● What to work on
Please copy exactly the line that contains "Cotton Polo Shirt" and every line after it through the end of the records, leaving the pictures out.

(Records drawn from a dataset)
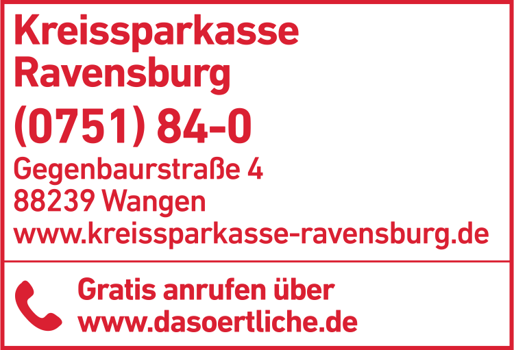 Die Adresse von Kreissparkasse Ravensburg lautet: Gegenbaurstr. 4, 88239 Wangen
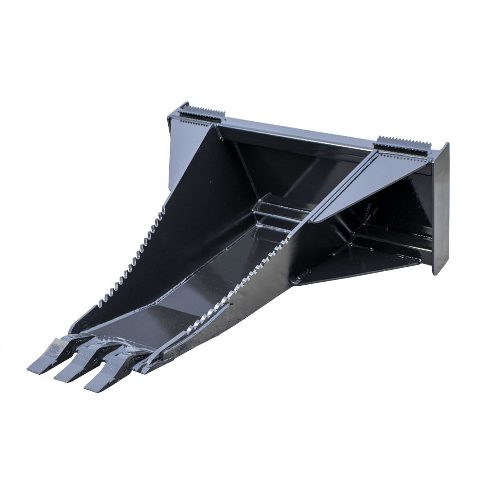 Featuring a serrated tooth design with (3) replaceable digging/excavating teeth, has two ½” x 2 wear strips welded full length on the bottom of the bucket, this powerful digging attachment is fabricated from commercial-grade 1/2″ steel with double gusset sidewall construction. If you want a digger that was built to last, this unit is a great option no matter what type of loader you’re working with. Request a quote today.
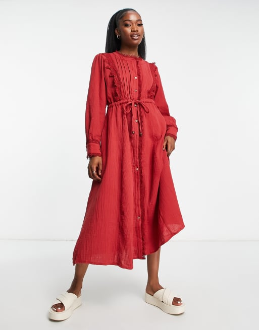Just Me lace front midi dress with tie waist in red
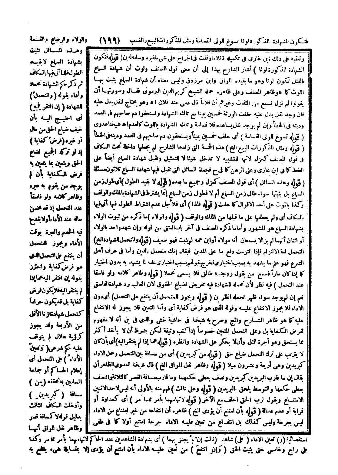 فَتَكُونُ الشَّهَادَةُ الْمَذْكُورَةُ لَوْثًا تُسَوِّغُ لِلْوَلِيِّ الْقَسَامَةَ وَمِثْلُ الْمَذْكُورَاتِ الْبَيْعُ وَالنَّسَبُ وَالْوَلَاءُ وَالرَّضَاعُ وَالْقِسْمَةُ وَهَذِهِ الْمَسَائِلُ تَثْبُتُ بِشَهَادَةِ السَّمَاعِ لَا بِقَيْدِ الطُّولِ فَلِذَا أَتَى فِيهَا بِالْكَافِ
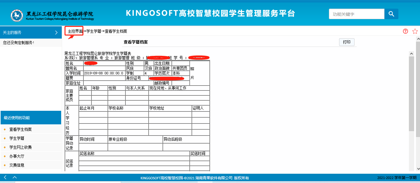 (2)点击查看学生档案;主要核对自己姓名、所属系部、专业、班级、学号、身份证号等信息。如果无误,点击“主控界面”回到主界面。如果信息有误,可以打电话联系学校辅导员老师进行反馈。
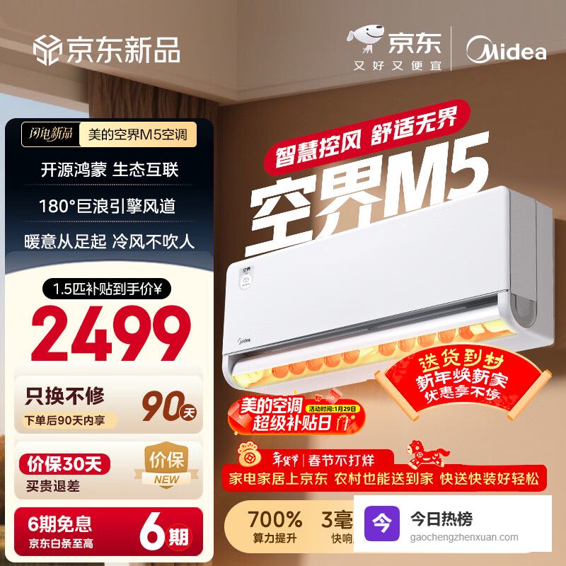 【京东自营】美的空调空界M5大1.5匹新一级能效舒适风节能省电【纯铜管】卧室空调挂机国家补贴KFR-¥
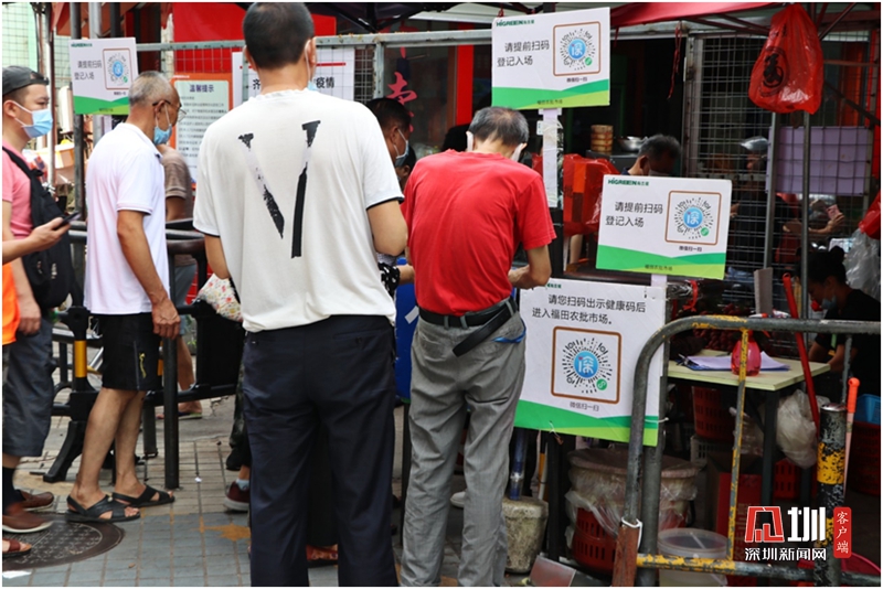 進(jìn)入福田農(nóng)批市場需出示健康碼,測量體溫。
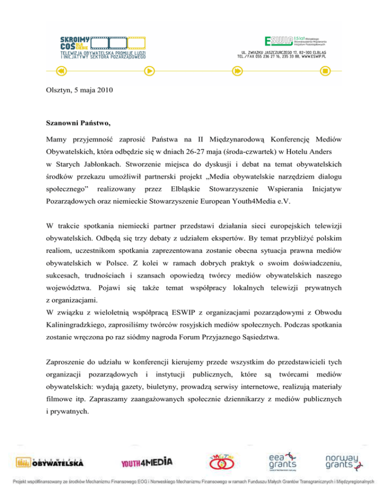 Olsztyn, 5 maja 2010 Szanowni Państwo, Mamy przyjemność zaprosić Państwa na II Międzynarodową Konferencję Mediów Obywatelskich, która odbędzie się w dniach 26-27 maja (środa-czwartek) w Hotelu Anders w Starych Jabłonkach. Stworzenie miejsca do dyskusji i debat na temat obywatelskich środków przekazu umoŜliwił partnerski projekt „Media obywatelskie narzędziem dialogu społecznego” realizowany przez Elbląskie Stowarzyszenie Wspierania Inicjatyw Pozarządowych oraz niemieckie Stowarzyszenie European Youth4Media e.V. W trakcie spotkania niemiecki partner przedstawi działania sieci europejskich telewizji obywatelskich. Odbędą się trzy debaty z udziałem ekspertów. By temat przybliŜyć polskim realiom, uczestnikom spotkania zaprezentowana zostanie obecna sytuacja prawna mediów obywatelskich w Polsce. Z kolei w ramach dobrych praktyk o swoim doświadczeniu, sukcesach, trudnościach i szansach opowiedzą twórcy mediów obywatelskich naszego województwa. Pojawi się takŜe temat współpracy lokalnych telewizji prywatnych z organizacjami. W związku z wieloletnią współpracą ESWIP z organizacjami pozarządowymi z Obwodu Kaliningradzkiego, zaprosiliśmy twórców rosyjskich mediów społecznych. Podczas spotkania zostanie wręczona po raz siódmy nagroda Forum Przyjaznego Sąsiedztwa. Zaproszenie do udziału w konferencji kierujemy przede wszystkim do przedstawicieli tych organizacji pozarządowych i instytucji publicznych, które są twórcami mediów obywatelskich: wydają gazety, biuletyny, prowadzą serwisy internetowe, realizują materiały filmowe itp. Zapraszamy zaangaŜowanych społecznie dziennikarzy z mediów publicznych i prywatnych. W trakcie konferencji, równolegle z debatami, odbywać się będą warsztaty medialne, prowadzone przez uczestników projektu oraz ekipę Telewizji Obywatelskiej. Efektem kilkugodzinnej pracy będzie krótki materiał filmowy, powstały przy zastosowaniu techniki poklatkowej. Udział w warsztatach przewidziany jest dla 15 osób, chętnych prosimy o zaznaczenie zgłoszenia w formularzu zgłoszeniowym na konferencję. Zgłoszenia proszę przesyłać do Marty Florkowskiej do 21 maja – drogą elektroniczną ([email protected]) lub faksem na numer (89) 523-73-45. W tym celu naleŜy wypełnić załączony formularz zgłoszeniowy, dostępny równieŜ na stronie www.eswip.pl. Ilość miejsc jest ograniczona, decyduje kolejność zgłoszeń. W przypadku większej ilości zgłoszeń, organizatorzy zastrzegają sobie moŜliwość doboru uczestników wg kryteriów opisanych powyŜej. Konferencja jest bezpłatna, dojazd na koszt własny uczestników. Program spotkania w załączeniu. Serdecznie zapraszamy Marta Florkowska Arkadiusz Jachimowicz Koordynator projektu Prezes ESWIP
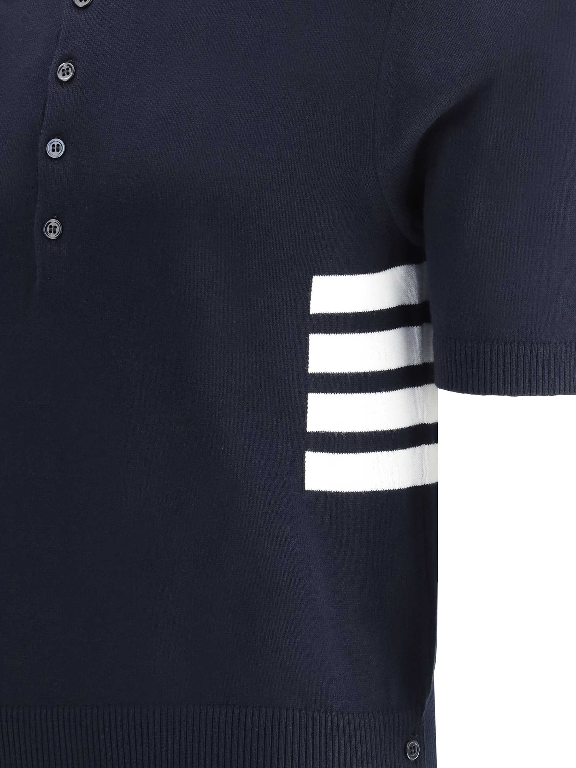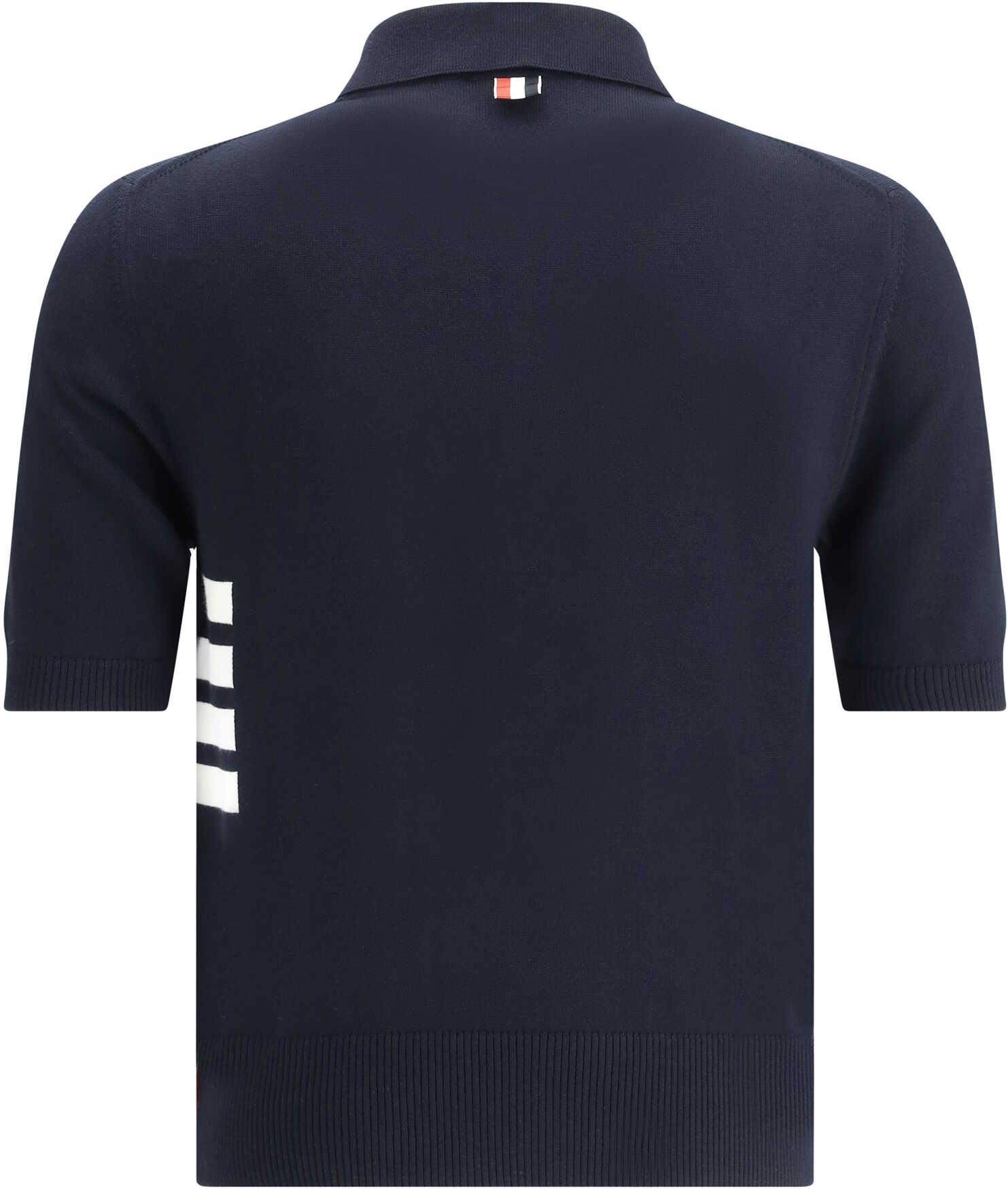 Cotton Polo Shirt by Thom Browne, classic ribbed collar, tone-on-tone front buttons, iconic contrasting horizontal bands on side panel, adjustable side slits with buttons, regular fit.
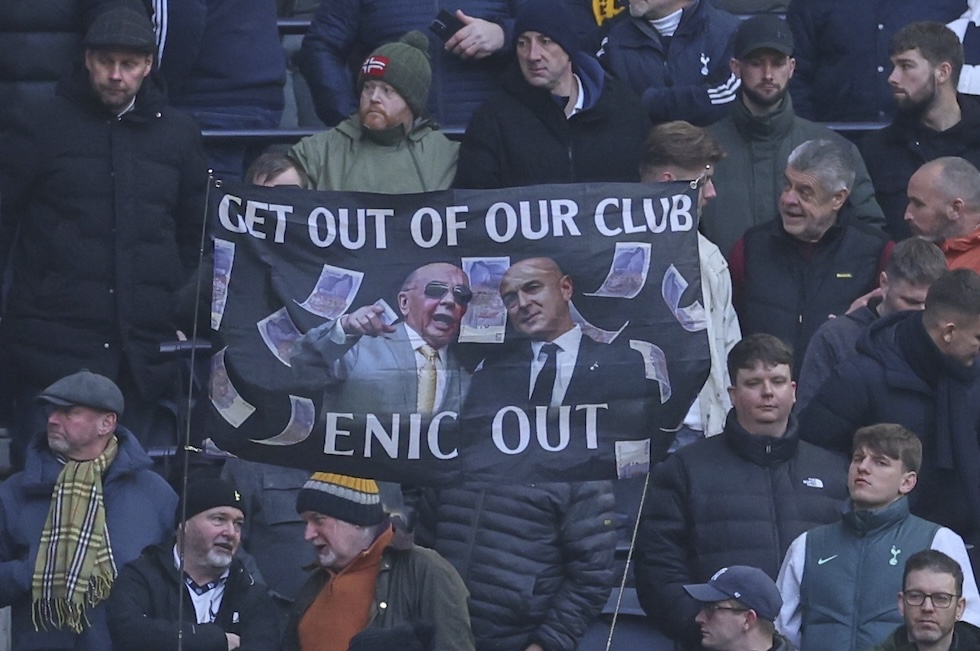 Una protesta dei tifosi contro il fondo ENIC, proprietario del club (AP Photo/Ian Walton)

● Finished task
 Cotton Polo Shirt by Thom Browne, classic ribbed collar, tone-on-tone front buttons, iconic contrasting horizontal bands on side panel, adjustable side slits with buttons, regular fit.
 Una protesta dei tifosi contro il fondo ENIC, proprietario del club (AP Photo/Ian Walton)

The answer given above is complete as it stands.